TO DO:
Each line below should be repeated exactly as written, with no pictures carried over.

ENTRIES SUPPLIED:
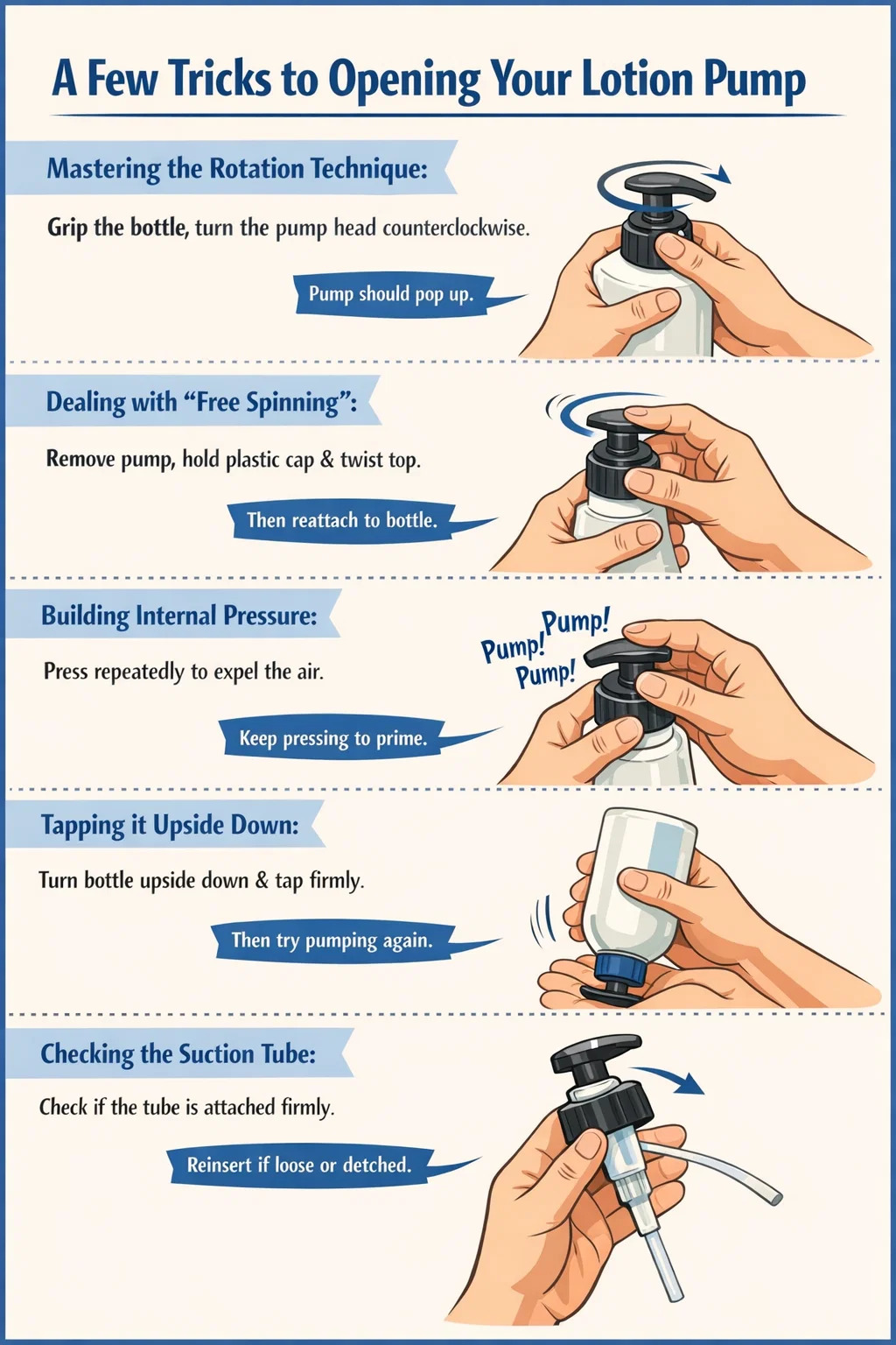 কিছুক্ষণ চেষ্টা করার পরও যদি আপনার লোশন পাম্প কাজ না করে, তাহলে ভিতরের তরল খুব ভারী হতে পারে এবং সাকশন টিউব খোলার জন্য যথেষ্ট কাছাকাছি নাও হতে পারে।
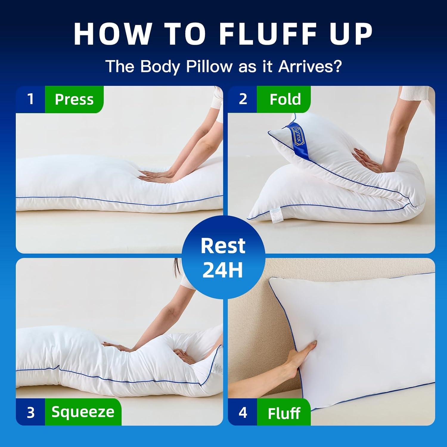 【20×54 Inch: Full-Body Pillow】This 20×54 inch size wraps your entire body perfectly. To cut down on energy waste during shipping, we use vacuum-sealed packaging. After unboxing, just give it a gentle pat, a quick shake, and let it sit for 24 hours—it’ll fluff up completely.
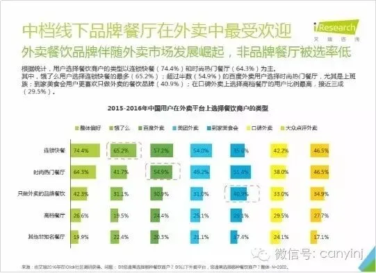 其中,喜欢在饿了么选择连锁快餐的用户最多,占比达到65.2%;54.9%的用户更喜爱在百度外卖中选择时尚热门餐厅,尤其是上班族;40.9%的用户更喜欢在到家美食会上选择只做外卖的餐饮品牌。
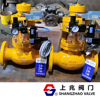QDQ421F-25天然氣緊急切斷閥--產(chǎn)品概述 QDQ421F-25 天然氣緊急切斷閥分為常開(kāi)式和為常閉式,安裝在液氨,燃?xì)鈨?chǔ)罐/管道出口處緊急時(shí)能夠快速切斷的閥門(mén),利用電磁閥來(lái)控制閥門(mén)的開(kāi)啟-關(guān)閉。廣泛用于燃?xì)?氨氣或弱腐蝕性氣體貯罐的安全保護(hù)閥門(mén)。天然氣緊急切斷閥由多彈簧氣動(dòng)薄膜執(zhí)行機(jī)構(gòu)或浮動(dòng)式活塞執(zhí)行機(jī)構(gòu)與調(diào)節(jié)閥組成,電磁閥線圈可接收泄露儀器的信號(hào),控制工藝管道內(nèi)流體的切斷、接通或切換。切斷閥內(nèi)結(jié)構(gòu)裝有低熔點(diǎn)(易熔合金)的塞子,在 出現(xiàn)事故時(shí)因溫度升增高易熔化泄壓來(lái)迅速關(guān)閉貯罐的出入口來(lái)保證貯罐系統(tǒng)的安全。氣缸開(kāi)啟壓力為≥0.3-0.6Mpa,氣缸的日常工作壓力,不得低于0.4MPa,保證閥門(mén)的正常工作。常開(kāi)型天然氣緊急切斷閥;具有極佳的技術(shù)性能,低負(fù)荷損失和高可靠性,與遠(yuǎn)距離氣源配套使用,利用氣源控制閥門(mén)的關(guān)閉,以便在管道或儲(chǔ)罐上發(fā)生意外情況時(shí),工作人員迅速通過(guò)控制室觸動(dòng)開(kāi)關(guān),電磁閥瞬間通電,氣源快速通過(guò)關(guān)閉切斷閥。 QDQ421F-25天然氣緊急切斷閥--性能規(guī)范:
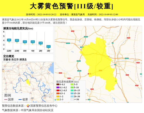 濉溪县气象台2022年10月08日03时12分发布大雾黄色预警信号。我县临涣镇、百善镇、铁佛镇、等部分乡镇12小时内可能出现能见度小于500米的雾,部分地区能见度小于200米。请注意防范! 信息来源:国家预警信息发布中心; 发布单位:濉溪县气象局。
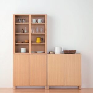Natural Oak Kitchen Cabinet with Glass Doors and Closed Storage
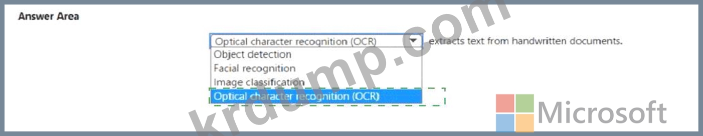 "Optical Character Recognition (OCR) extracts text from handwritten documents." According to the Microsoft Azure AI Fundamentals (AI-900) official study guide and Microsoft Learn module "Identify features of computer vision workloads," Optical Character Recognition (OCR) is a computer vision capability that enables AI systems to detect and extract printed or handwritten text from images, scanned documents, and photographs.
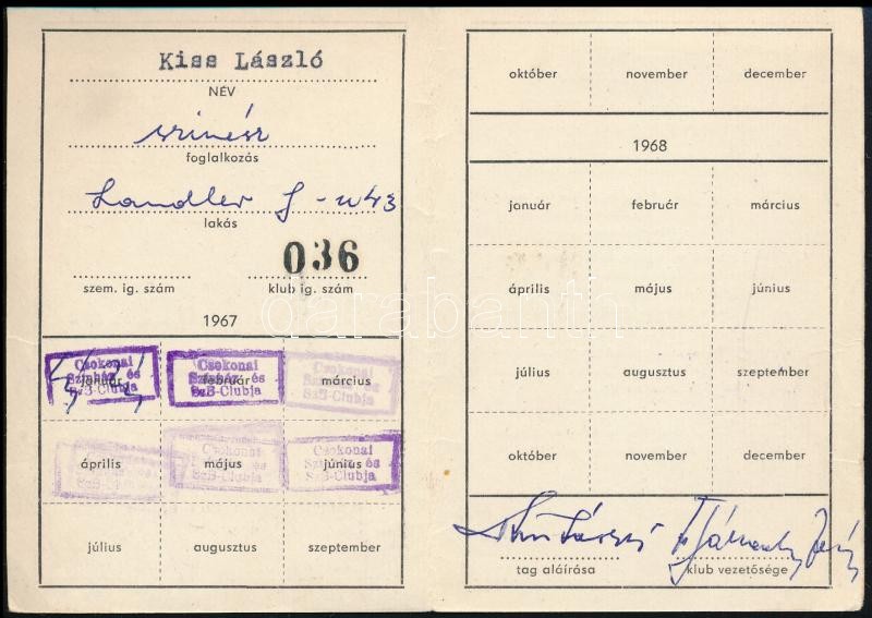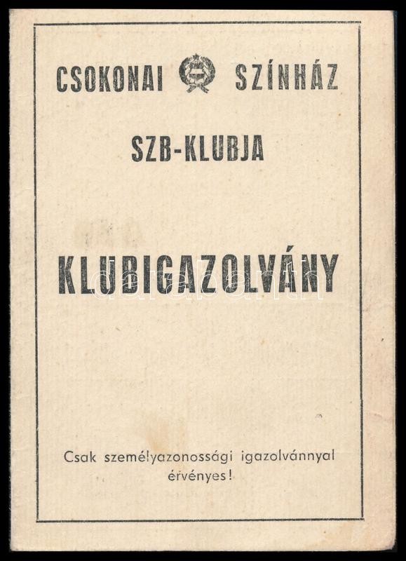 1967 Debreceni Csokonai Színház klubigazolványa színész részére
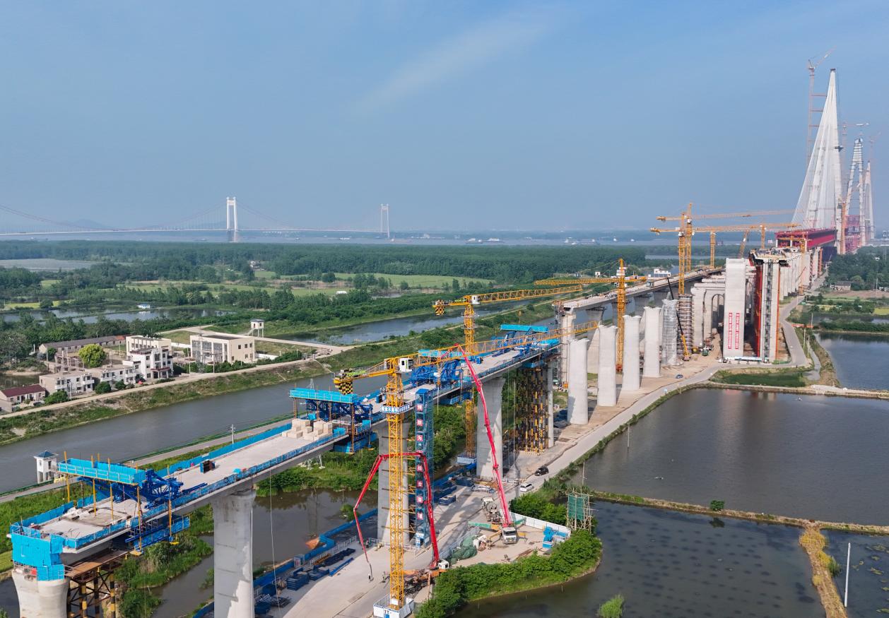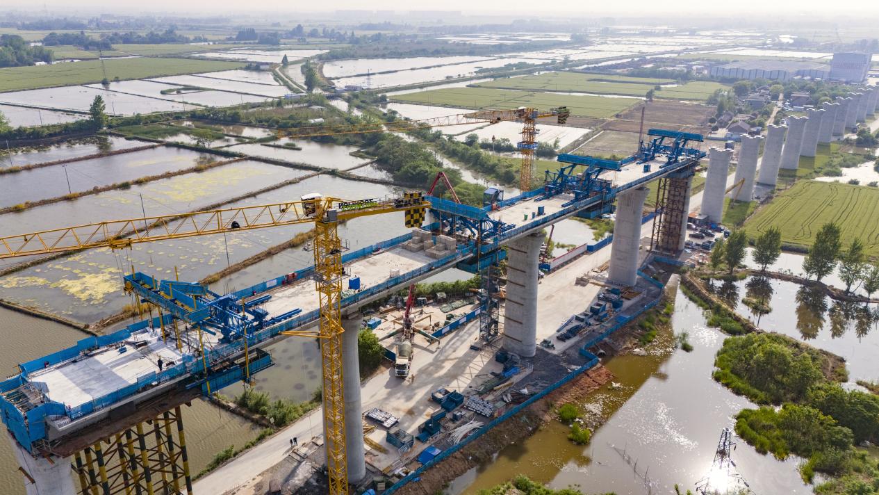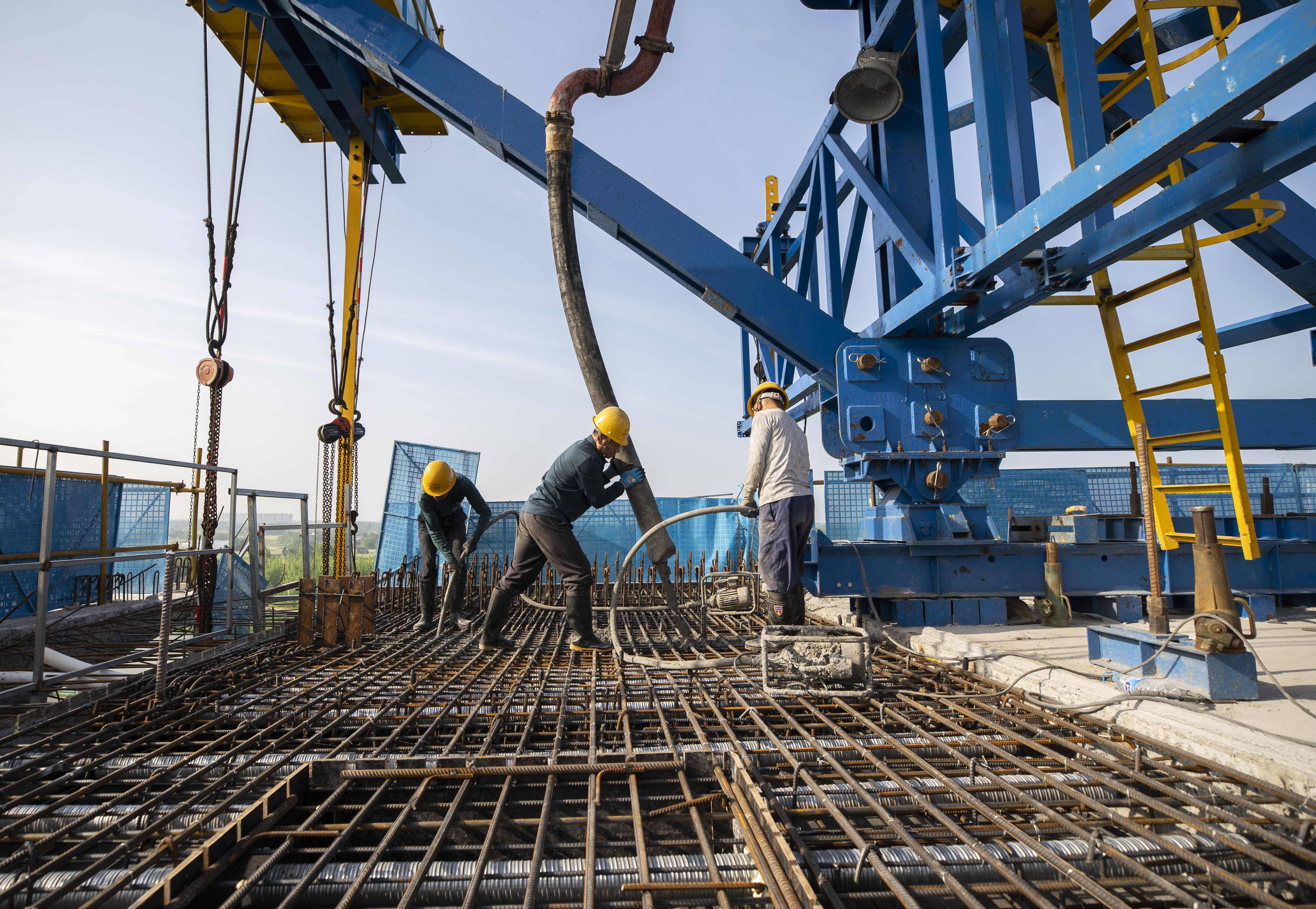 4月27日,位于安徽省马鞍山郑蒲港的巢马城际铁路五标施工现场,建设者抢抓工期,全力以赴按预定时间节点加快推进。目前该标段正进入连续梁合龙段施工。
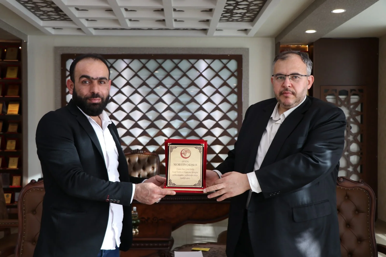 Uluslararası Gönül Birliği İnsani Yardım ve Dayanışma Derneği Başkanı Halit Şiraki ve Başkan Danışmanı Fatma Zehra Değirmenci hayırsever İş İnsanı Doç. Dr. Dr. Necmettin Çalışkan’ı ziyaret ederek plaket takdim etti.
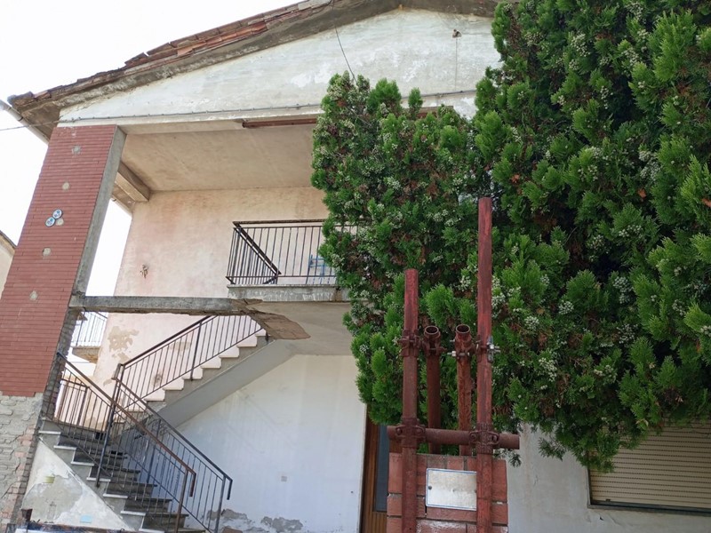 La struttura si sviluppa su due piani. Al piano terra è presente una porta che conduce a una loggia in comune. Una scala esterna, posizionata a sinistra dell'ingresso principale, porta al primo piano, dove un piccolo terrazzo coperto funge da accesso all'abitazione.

OUTPUT BELOW:
 কিছুক্ষণ চেষ্টা করার পরও যদি আপনার লোশন পাম্প কাজ না করে, তাহলে ভিতরের তরল খুব ভারী হতে পারে এবং সাকশন টিউব খোলার জন্য যথেষ্ট কাছাকাছি নাও হতে পারে।
 【20×54 Inch: Full-Body Pillow】This 20×54 inch size wraps your entire body perfectly. To cut down on energy waste during shipping, we use vacuum-sealed packaging. After unboxing, just give it a gentle pat, a quick shake, and let it sit for 24 hours—it’ll fluff up completely.
 其中,喜欢在饿了么选择连锁快餐的用户最多,占比达到65.2%;54.9%的用户更喜爱在百度外卖中选择时尚热门餐厅,尤其是上班族;40.9%的用户更喜欢在到家美食会上选择只做外卖的餐饮品牌。
QDQ421F-25天然氣緊急切斷閥--產(chǎn)品概述 QDQ421F-25 天然氣緊急切斷閥分為常開(kāi)式和為常閉式,安裝在液氨,燃?xì)鈨?chǔ)罐/管道出口處緊急時(shí)能夠快速切斷的閥門(mén),利用電磁閥來(lái)控制閥門(mén)的開(kāi)啟-關(guān)閉。廣泛用于燃?xì)?氨氣或弱腐蝕性氣體貯罐的安全保護(hù)閥門(mén)。天然氣緊急切斷閥由多彈簧氣動(dòng)薄膜執(zhí)行機(jī)構(gòu)或浮動(dòng)式活塞執(zhí)行機(jī)構(gòu)與調(diào)節(jié)閥組成,電磁閥線圈可接收泄露儀器的信號(hào),控制工藝管道內(nèi)流體的切斷、接通或切換。切斷閥內(nèi)結(jié)構(gòu)裝有低熔點(diǎn)(易熔合金)的塞子,在 出現(xiàn)事故時(shí)因溫度升增高易熔化泄壓來(lái)迅速關(guān)閉貯罐的出入口來(lái)保證貯罐系統(tǒng)的安全。氣缸開(kāi)啟壓力為≥0.3-0.6Mpa,氣缸的日常工作壓力,不得低于0.4MPa,保證閥門(mén)的正常工作。常開(kāi)型天然氣緊急切斷閥;具有極佳的技術(shù)性能,低負(fù)荷損失和高可靠性,與遠(yuǎn)距離氣源配套使用,利用氣源控制閥門(mén)的關(guān)閉,以便在管道或儲(chǔ)罐上發(fā)生意外情況時(shí),工作人員迅速通過(guò)控制室觸動(dòng)開(kāi)關(guān),電磁閥瞬間通電,氣源快速通過(guò)關(guān)閉切斷閥。 QDQ421F-25天然氣緊急切斷閥--性能規(guī)范:
 濉溪县气象台2022年10月08日03时12分发布大雾黄色预警信号。我县临涣镇、百善镇、铁佛镇、等部分乡镇12小时内可能出现能见度小于500米的雾,部分地区能见度小于200米。请注意防范! 信息来源:国家预警信息发布中心; 发布单位:濉溪县气象局。
Natural Oak Kitchen Cabinet with Glass Doors and Closed Storage
 "Optical Character Recognition (OCR) extracts text from handwritten documents." According to the Microsoft Azure AI Fundamentals (AI-900) official study guide and Microsoft Learn module "Identify features of computer vision workloads," Optical Character Recognition (OCR) is a computer vision capability that enables AI systems to detect and extract printed or handwritten text from images, scanned documents, and photographs.
 1967 Debreceni Csokonai Színház klubigazolványa színész részére
 4月27日,位于安徽省马鞍山郑蒲港的巢马城际铁路五标施工现场,建设者抢抓工期,全力以赴按预定时间节点加快推进。目前该标段正进入连续梁合龙段施工。
 Uluslararası Gönül Birliği İnsani Yardım ve Dayanışma Derneği Başkanı Halit Şiraki ve Başkan Danışmanı Fatma Zehra Değirmenci hayırsever İş İnsanı Doç. Dr. Dr. Necmettin Çalışkan’ı ziyaret ederek plaket takdim etti.
 La struttura si sviluppa su due piani. Al piano terra è presente una porta che conduce a una loggia in comune. Una scala esterna, posizionata a sinistra dell'ingresso principale, porta al primo piano, dove un piccolo terrazzo coperto funge da accesso all'abitazione.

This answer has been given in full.